• Jornal Abaixo Assinado

A luta de classes de botequim


Nos bares da vida acontece uma silenciosa luta de classes de botequim

*Miguel Pinho

Quem frequenta os bares do Rio de Janeirosente a diferença no tratamento quando viaja para outras cidades. Aqui estamos acostumados a implorar por um cardápio, esperarmuito pela reposição da cerveja e com as caras fechadas dos garçons. Quando estou outra cidade e recebo de pronto o cardápio e nem preciso pedir nova cerveja para mesa desconfio que esteja em alguma filmagem de pegadinha do finado programa do João Kléber.

O Rio de Janeiro não é qualquer cidade, aqui é a cidade da insubordinação. A gente no comecinho do século XX fez do Centro uma pequena comuna de Paris, cheia de barricadas, porque não queríamos que os médicos vissem nossos traseiros, para aplicar uma vacina vinda sabe-se lá de onde.Isso aqui é o Rio que elegeu o Brizola de baixo das barbas dos milicos em 83. Então insubordinação é com a gente mesmo. E os garçons da cidade maravilhosa não poderiam ser outra coisa.

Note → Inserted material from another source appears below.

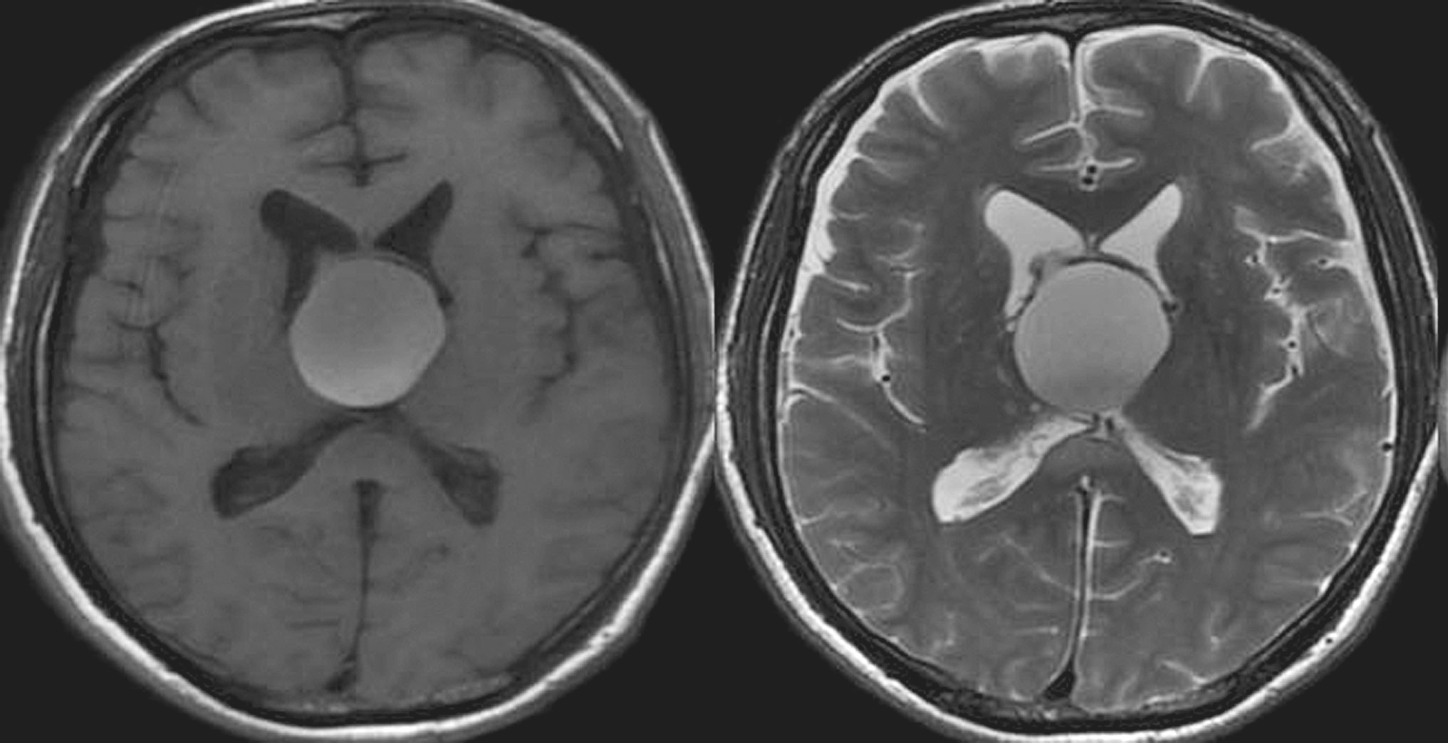 术后查体:神志恍惚,能简单回答问话。双瞳孔等大正圆,直径4.0mm,对光反射灵敏。颈软。四肢自主活动良好,肌张力略高。双侧Babinski征阴性。给予抗炎、脱水及对症治疗。术后24小时内复查头颅CT结果显示脑室系统明显变小(图5-1-4)。术后第3日患者神志清楚,问答合理。双侧脑室引流管通畅。术后第4日完善头颅MRI检查(图5-1-5)。双侧侧脑室外引流术后第6日于全身麻醉下行“经纵裂-胼胝体-穹窿间入路第三脑室内占位病变切除术”。手术过程顺利,复查头颅CT显示完全切除肿瘤,脑室大小基本正常(图5-1-6)。病理检查结果回报:胶样囊肿。患者2周后出院。目前随访恢复良好,未见肿瘤和脑积水复发。

“Opa, vai demorar ainda a sair o meu pedido?”, “Ô meu patrão, tá saindo já!”, e depois disso você ainda vai esperar mais 45 minutos.  Mas você não entendeu onde está localizado o problema, está bem ali no “meu patrão”. É um dos conflitos mais antigos da humanidade, o antagonismo entre homens livres e escravos, patrícios e plebeus, senhores e servos e patrões e empregados: a boa e velha luta de classes. E agora você deve estar se perguntando: se o problema é entre patrões e empregados, porque ele não quebra pau com o dono do bar em vez de não me atender direito? Amigo, os caminhos da consciência da classe são tortuosos. Por exemplo, os Ludistas eram operários que destruíam máquinas no início do século XIX, na Inglaterra, porque achavam que elas eram a causa de sua penúria e não a exploração patronal. Ao pedir o seu chopinho gelado, o frango a passarinho no capricho ou a ser o último a sair do bar, você é visto pelos garçons como a razão da sua penúria.

Alguns tentam driblar a luta de classes através do caminho da conciliação, ficando íntimos do garçom, chamando pelo nome ou apelido. Isso é inócuo, o desprestígio com os clientes é implacável.

Esse Rio insubordinado de garçons rebeldes não vai mudar com o seu chilique. Não ouse iniciar campanhas de boicote aos 10%, a não ser que queira nunca mais ser servido na vida. Torça para que os garçons tomem consciência de seu papel na história, assim como os operários ingleses, e se voltem contra os seus patrões ou seu frango a passarinho além de não vir no capricho, ainda vai demorar.